Нина захотела пройтись по коридору. Я поняла, что она сейчас их встретит и также всё вспомнит. Стала отговаривать. Она настаивала на своём. Пришлось рассказать. Она ещё больше побледнела – хотя куда уж больше, – встала с кровати и пошла в коридор, волоча капельницу за собой. Жестом остановила меня. Ушла. Я спросила, когда она вернулась: «Что ты сказала той девочке?» Нина устало села на кровать и развела руками: «Посмотри на меня: я лысая, страшная, как столетняя старуха, еле волочу ноги, хотя мне только 16 лет. Но я хочу, чтобы ты знала одну вещь: чтобы победить эту чёртову лейкемию, надо верить себе, своим родителям и врачам. Нельзя сломаться. Если тебе будет плохо и страшно, я рядом, помогу и поддержу. А вообще, иди-ка ты лучше спать в палату, тебе завтра нужно будет много сил. И до победы ещё сильно жить надо. Вот что я ей сказала».


Знаете, у меня очень мужественная девочка. Она победит.
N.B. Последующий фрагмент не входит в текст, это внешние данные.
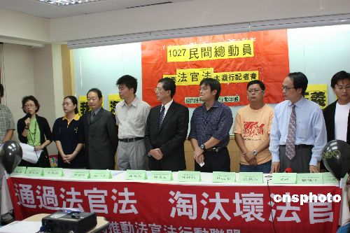 臺灣“民間推動法官法行動聯(lián)盟”十月二十五日召開記者會宣布,將于十月二十七日在臺北中正紀念堂前廣場發(fā)動“我要法官法”大游行。組織者說,很多人進法院是要追求公平正義,但卻因不良的法官,受到再次傷害,法官法法案中最重要的就是法官的淘汰機制。在臺灣, 法官法已推動十幾年,至今尚未通過。中新社發(fā) 耿軍 攝

И я её яростно люблю. Как и Вас.

Зелёное, синее, жёлтое

Трава позволила себе тягаться

С небом. Ну, это ладно.

Её кокетство с солнцем восхищает.

Ведь скоро она красу всю потеряет.

Его безжалостный прищур

Спалит ей душу.

Но видно влюблена.

В своей любви не замечает,

Что жизнь её животное съедает.

Чудесный серый пух с хвостом-помпоном,

Не ведая тех чувств, жуёт её с восторгом.

И мы следим за кроликом, забыв дыханье,

Впрочем, это всё неважно.

Нам свежий воздух не вдохнуть.

Стекло меж нами словно астралит.

Хотя прозрачный, но больничный.

На всю весну.

О. К.

Короткая передышка

Дневник Ольги

август 2017 г.


Нине шестнадцать.

Почти год безжалостно вырван из юной жизни. Он мог бы быть совсем другим. С первым сердцебиением от взгляда понравившегося мальчика, первой влюблённостью с первым поцелуем. Вместо этого страх, боль, потеря волос, истощение, операции, яд в кровь. Смотрю в её недетские глаза – в них мудрость, она знает что-то, чего не знают многие старики, чего не знаю я, её мать. У неё много друзей, они пишут ей, некоторые даже прилетают. Они – хорошие друзья. Многие советуются с ней, как поступить в той или иной ситуации в отношениях с девочкой или мальчиком. У них у всех уже отношения. И Нина советует, спокойно и разумно. К ней прислушиваются. У неё нет опыта, она просто знает ценность жизни. И всё это считывают в её взгляде, в её голосе, в манере письма. Впервые в августе нас отпускают из госпиталя на целый месяц.

И мы едем на машине в Австрию в тихий отель в горах. По дороге останавливаемся поесть в маленьком итальянском ресторане, случайно затерявшемся в Альпах. Нина без маски, но в шапочке – волосы выпали в последний блок химии, не успев снова отрасти. Он был жёсткий.

За столом Нина возбуждена, на её глазах слёзы.

– Мамочка, мамочка, я могу вот так запросто сидеть в кафе и есть любимые спагетти. И без маски. Я такая счастливая, мамочка, мамочка…

Ухожу в туалет помыть руки. Смываю с лица ненужные слёзы. А ночью не спится. В горах уже холодно, пахнет осенью. Я стою у окна, смотрю на падающие звёзды и вспоминаю свою юность.

Пшик

Мне пятнадцать. Вместе с разновозрастной компанией ребят из закрытого военного городка в Подмосковье, где мой дядя – командир части, ёжась от предутреннего холода, я иду встречать рассвет. Первый раз в жизни.

Рядом со мной припрыгивает Федя Бубенцов – сын зама по какой-то там части моего дяди. Длинный, худющий, с нелепыми руками чуть ли не до колен, гиперподвижный и в этой гиперподвижности несуразный, но с очень волнующими меня чувственными губами и кудряшками, постоянно спадающими на лоб. Мне приятно случайно касаться его ладони, бедра, плеча. И я догадываюсь, что эта случайность не случайна. Меня слегка знобит то ли от смутных предчувствий, то ли от остывшего за ночь августовского луга, приготовившегося вместе с нами встречать светило.